I flew back to Poland to finish my second year of high school. Four days before my 18 birthday. I didn’t want to celebrate them, because I thought that it was not the place that I wanted to be right then. My friends from Thailand sent me a lot of videos from “my” birthday party. Without me.After few weeks I got over it. I was going to school, studying, reading, again living my ordinary life, writing – a lot. That was the time when I won the main prize in the national polish conquest for young writers with my “Sappling” piece. This is how I became the best of young polish essayist. I took part also in conquest in which you had to wirte a fairytale about Gdynia – my hometown. Which I also won. Writing about this right now seems so unreal to me. After all of studying and winning I left Poland again.
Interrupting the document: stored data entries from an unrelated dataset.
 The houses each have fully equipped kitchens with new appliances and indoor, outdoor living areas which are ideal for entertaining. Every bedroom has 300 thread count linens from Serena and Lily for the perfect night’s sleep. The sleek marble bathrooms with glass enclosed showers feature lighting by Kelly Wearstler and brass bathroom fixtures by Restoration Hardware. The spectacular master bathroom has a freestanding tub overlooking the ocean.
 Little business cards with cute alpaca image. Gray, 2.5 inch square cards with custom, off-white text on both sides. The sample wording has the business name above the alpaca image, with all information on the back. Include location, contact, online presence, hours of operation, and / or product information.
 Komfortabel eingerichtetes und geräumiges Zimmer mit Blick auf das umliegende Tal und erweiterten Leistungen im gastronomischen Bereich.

For 92 days in June to begin my next journey. I flew to Vietnam where I spent 2 months in Hanoi and one month in Saigon.
Swimming in a canoe around the Ha Long Bay, making new friends, dancing in the sky bar (at floor number 62!!!), spending millions (literally, but millions of dongs) at the night market, having fun at garden party in the Eden club, playing beer pong near the West Lake, drinking a peach tea (with dry fruits inside), spending hours in the local zoo and eating a lot of street food – that is how my stay looked like. And again I made friendships that have lasted till now. I met my best friend that I have knew from Bangkok – a crazy french guy. I lied with 16 years old Ukrainian girl, who didn’t really get it that I wouldn’t be amazed if she would jump on my bed, drunk, with a bottle of wine in her hand, screaming and trying to open it.
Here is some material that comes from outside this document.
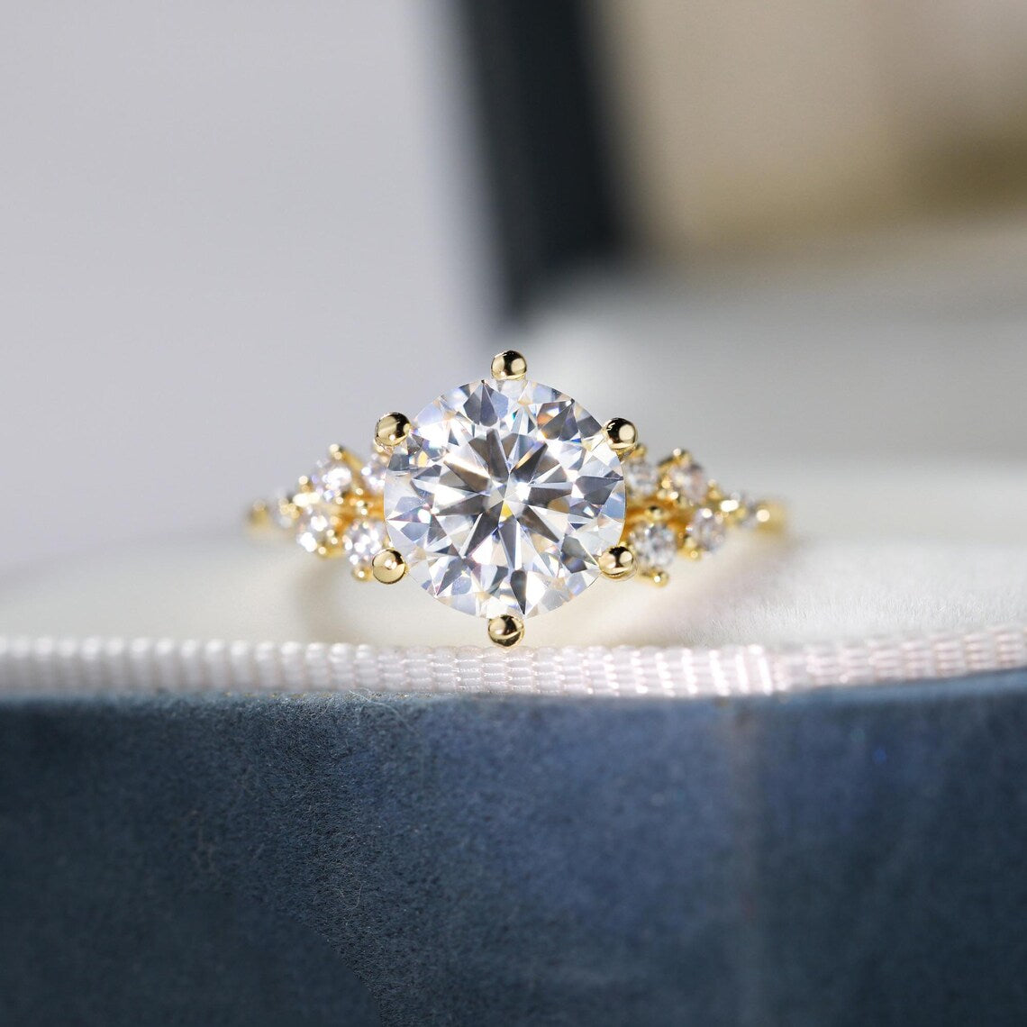 1.0CT Round Brilliant Cut Moissanite Cluster Diamond Engagement Ring

But at least at day time she tried to be normal and I can honestly say that I liked this young crazy girl. I met a polish girl, with whom I was living afterwards, who became my bestfriend. At first I thought of her as a mean, blonde thing that I just had to tolerate and then we started talking. (If you are reading this – you know I love you even when you are mean asf).
I coudn’t imagine a week without going out with our vietnamese friend for a glass of wine near West Lake, playing stupid cards games and singing songs that I can’t even remember now. I got used to princesses (two guys, my frenchie crazy friend and the polish “i know everything” type of boy) who seemed to be worst than most of girls taking care of their perfect skin, tooth and being quite impressed (especially the polish one) that when someone says “I’m broke” it doesn’t mean that he or she is injured – it just means that the person doen’t have money. I’m wondering if they finally got it. I miss even the girls with who at my last week we didn’t speak much and we quarreled – a lot. Right now I don’t even know why, but I know who began all of this – native 1,5m guy – thanks a lot for being the reason of this mess.
I was dancing around the European part of the Saigon city, singing in the caraoke bars, reading books, buying things that I have already lost and drinking vietnamese coffee that I truly miss. And then I had to leave. Again. This time I wasn’t crying that much. I was sad but I wanted to get back to my normal life. To school, books, my desk, dog, guinea pig, mom.
That’s why I didn’t want to let go 2015. I wanted to live my 2015 life full of travels, success, happiness. I’m scared of 2016 because everything ends in this year. In few months I’m going to finish high school, I will sit the matura exam, get my driving licence, I will change my life, start new chapter. I am excited for the new beggining but also sad that to start fresh something has to end.